Shecklen: Cool, he was right!

The Mutt: How many people have you upset on this tour?

Shecklen: How many more wrinkles have you gained on this tour?

The Mutt just left

Shecklen: This is actually fun!

Margerine just left

K.G just left

Shecklen: Oh, come on guys!

Shecklen just left

(The coach)

"Careful!" Yelled Tony as Rodney stabbed Ryan with his crutch.
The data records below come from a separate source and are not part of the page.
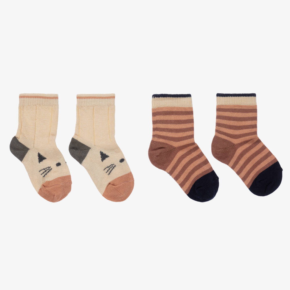 A two pack of cotton socks for boys and girls by Liewood. One pair is light beige with a cute cat face on the toe and pink trims. The other pair is a dusty pink with lighter pink stripes and navy blue trims.
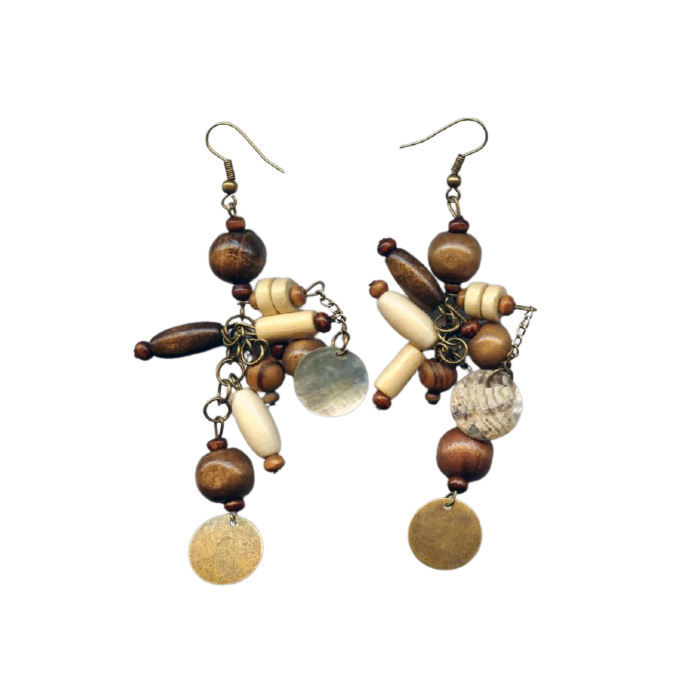 Σκουλαρίκια μεταλλικά με φίλντισι σε 3 χρώματα και ξύλινες λεπτομέρειες
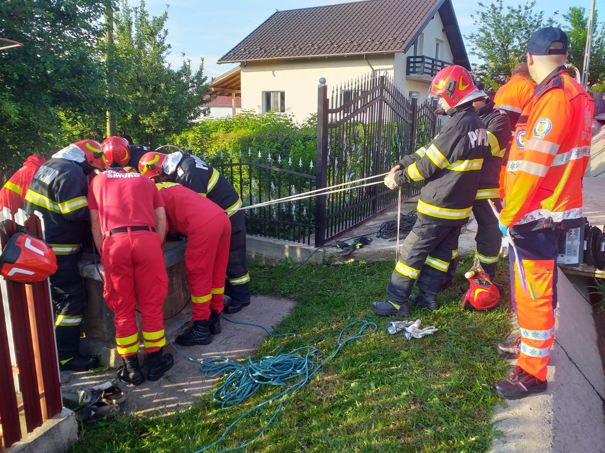 Unul dintre pompieri a coborât în fântână și, ajutat de colegi, a reușit să îl aducă la suprafață pe bărbat. Acesta era în apă până la brâu și era conștient.
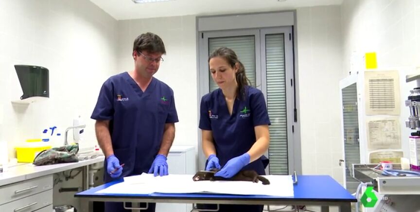 Donde el veterinario Gabriel de Pedro explica que el visón americano gana en todo al europeo: "Es más agresivo, cría más, más pronto y, además, le elimina físicamente". Finalmente, los veterinarios le aplican la eutanasia. Sólo en los ríos de Burgos, se capturan 400 visones cada año. Acabar con cada ejemplar, que recientemente se ha demostrado que son portadores de la toxoplasmosis, le cuesta a la Junta de Castilla y León 1.000 euros.
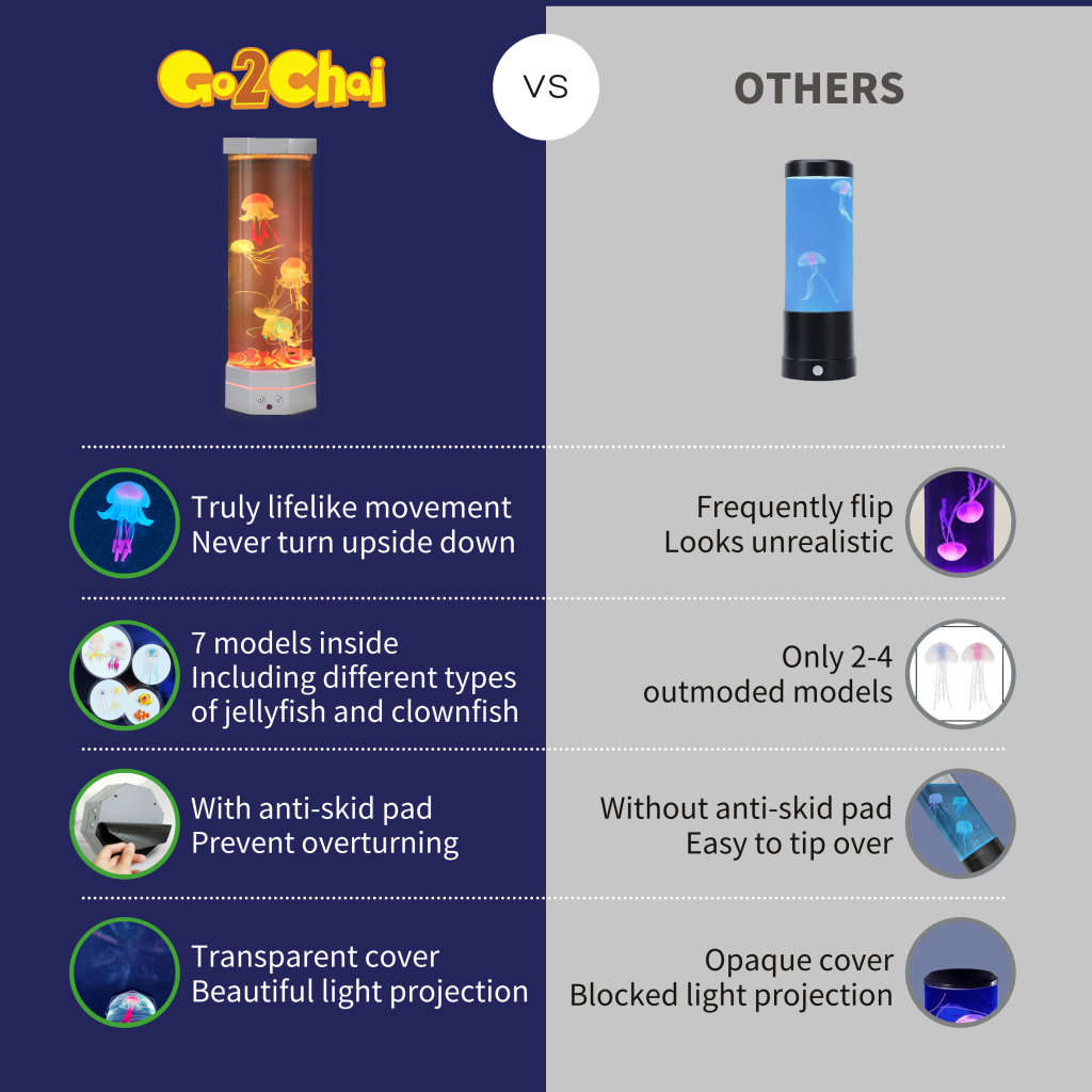 Truly Lifelike Jellyfish Aquarium – This jellyfish lamp comes with latest innovative design jellyfish model that never turn upside down. Watching the lifelike jelly fish models peaceful yet interesting movement inside jellyfish tank, you will be relaxed as never before.

"OW!" Exclaimed Ryan angrily.

"I'm fed up with him making fun of my age!" Yelled Rodney.

Ryan smiled sarcastically and moved away, rubbing his hip. Rodney glared at him before grabbing the nearest thing to him, which had to be a glass bottle, and lobbing it, which had to hit Bob Burnquist on the head. Bob flew forwards as blood splattered his shirt. Everyone turned to Rodney. "I, uh, slipped?" He said nervously.

Mike Vallely, who was right next to Bob, pulled him upright. "He's out cold." He muttered.

Then, everyone started yelling at Rodney to go away. "FINE!" Rodney roared, picking up his board, which Ryan was using. "I quit!" He whacked his board against the chair until it snapped.

He went to stand up but Tony grabbed him. "We'll talk about it tomorrow." He whispered.